OctoPrint is one of the best tool you can get for your 3D printer. It provides you with a convenient way to send G-Code to the printer, kick off the print, monitor the print via webcam, and pause/cancel the print all in a beautifully structured user interface.
Once you have indulged yourself in all the great benefits brought forward by OctoPrint, however, you will likely experience a panicking moment when all of the sudden you have lost access to OctoPrint.
That’s right! You can’t access OctoPrint when you are commuting, at work, shopping grocery, or anywhere outside your home wifi network.

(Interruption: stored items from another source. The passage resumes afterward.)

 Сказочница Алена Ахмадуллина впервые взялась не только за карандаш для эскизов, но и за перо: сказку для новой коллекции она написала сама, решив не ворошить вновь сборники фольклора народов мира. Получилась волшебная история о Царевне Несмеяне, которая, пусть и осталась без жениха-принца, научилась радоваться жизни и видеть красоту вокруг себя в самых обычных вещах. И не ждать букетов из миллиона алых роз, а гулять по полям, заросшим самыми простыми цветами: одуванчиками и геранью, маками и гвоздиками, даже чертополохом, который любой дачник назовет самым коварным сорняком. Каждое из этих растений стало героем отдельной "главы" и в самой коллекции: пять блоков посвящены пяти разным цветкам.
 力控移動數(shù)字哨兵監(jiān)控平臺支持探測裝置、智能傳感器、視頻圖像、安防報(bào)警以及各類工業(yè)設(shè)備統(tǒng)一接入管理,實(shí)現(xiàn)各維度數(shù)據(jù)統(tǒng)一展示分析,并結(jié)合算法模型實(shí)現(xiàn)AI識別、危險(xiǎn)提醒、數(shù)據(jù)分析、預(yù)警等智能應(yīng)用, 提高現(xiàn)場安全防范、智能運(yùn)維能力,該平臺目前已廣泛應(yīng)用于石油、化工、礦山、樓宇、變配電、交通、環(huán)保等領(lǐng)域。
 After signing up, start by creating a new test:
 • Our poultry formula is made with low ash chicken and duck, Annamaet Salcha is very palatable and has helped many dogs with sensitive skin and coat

Access OctoPrint remotely when you are not on your home network
Where there is a problem there is a solution. Actually in this case, multiple solutions. We will list the most common options that will bring back the access to OctoPrint in this article. We will also compare and contrast them so that you can decide which one works best for you.
But first of all, let's talk about why you can’t access OctoPrint when you are not on your home network. The reason lies in how your home wifi router works. Your home wifi router connect all of your electronic devices - laptops, ipads, phones, and of course, your Raspberry Pi where OctoPrint runs on. And that is why you can access OctoPrint's web page from your laptop or phone . Howevever, your laptops or phones (when connected to your home wifi) don't directly connect to the internet. Instead, only your wifi router has a direct connection to the internet. All other devices can only access the internet via the wifi router.

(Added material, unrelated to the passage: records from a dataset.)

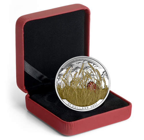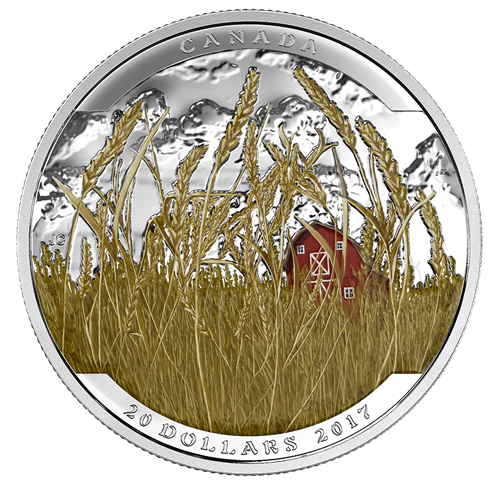 Designed by Canadian artist Julius T. Csotonyi, yourcoin features a wheat field beautifully crafted in colour. The viewpoint is from deep within the grass, looking towards a red barn in the distance. Stalks of wheat tower overhead, but on closer examination, a pronghorn emerges from the scene, shaped by theheads of wheat, the leaves and stems, and the manner in which these elements overlap.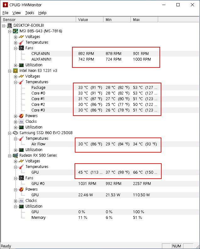 (AUXFANIN1 은 후면 팬 RPM 값이다.)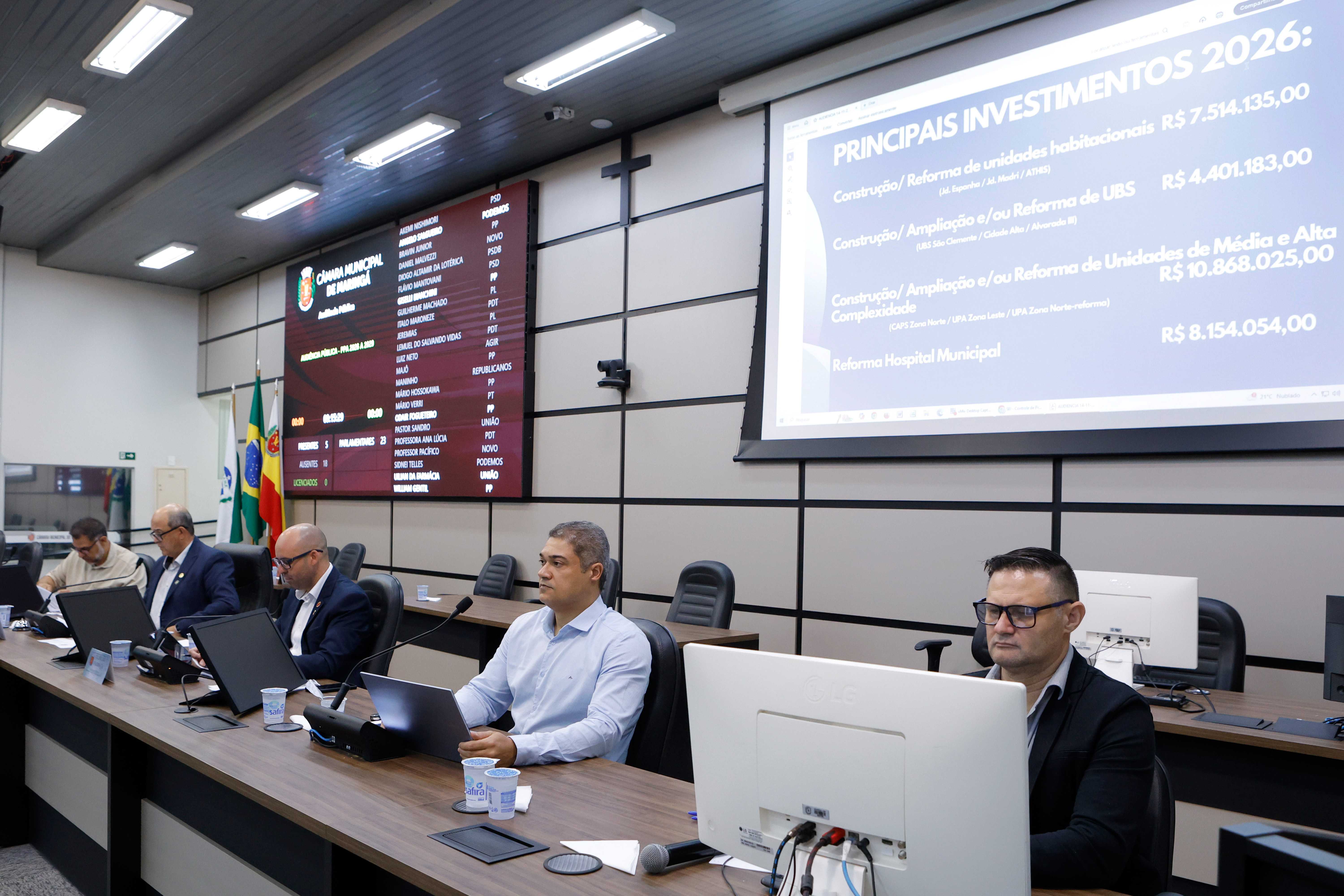 A Comissão de Finanças e Orçamento da Câmara de Maringá apresentou, na manhã desta quinta-feira (14), a previsão orçamentária para 2026, estimada em R$ 3.582.003.907,00, um crescimento de 10,02% em relação ao exercício atual. O evento reuniu vereadores, equipe técnica da Prefeitura e comunidade.

It is like all residents in an apartment building share 1 mailbox. Any residents can send a mail to the rest of the world by putting it in the mailbox. But there is no easy way to send a direct mail to an individual resident.
This is actually a good thing 99% of the times. There are thousands, if not millions, hackers on the wild internet looking for victims to exploit. And the only reason why your laptops haven't not (hopefully) been attacked is because nobody, including those hackers, can find them because they are "hiding" behind the wifi router. They are invisible to the wild internet. Again the only device on your home network that is directly exposed to the internet is the wifi router. Thankfully all these wifi routers are specially built to fend off the attacks. Therefore, your home network is actually quite safe dispite all these hackers on the internet.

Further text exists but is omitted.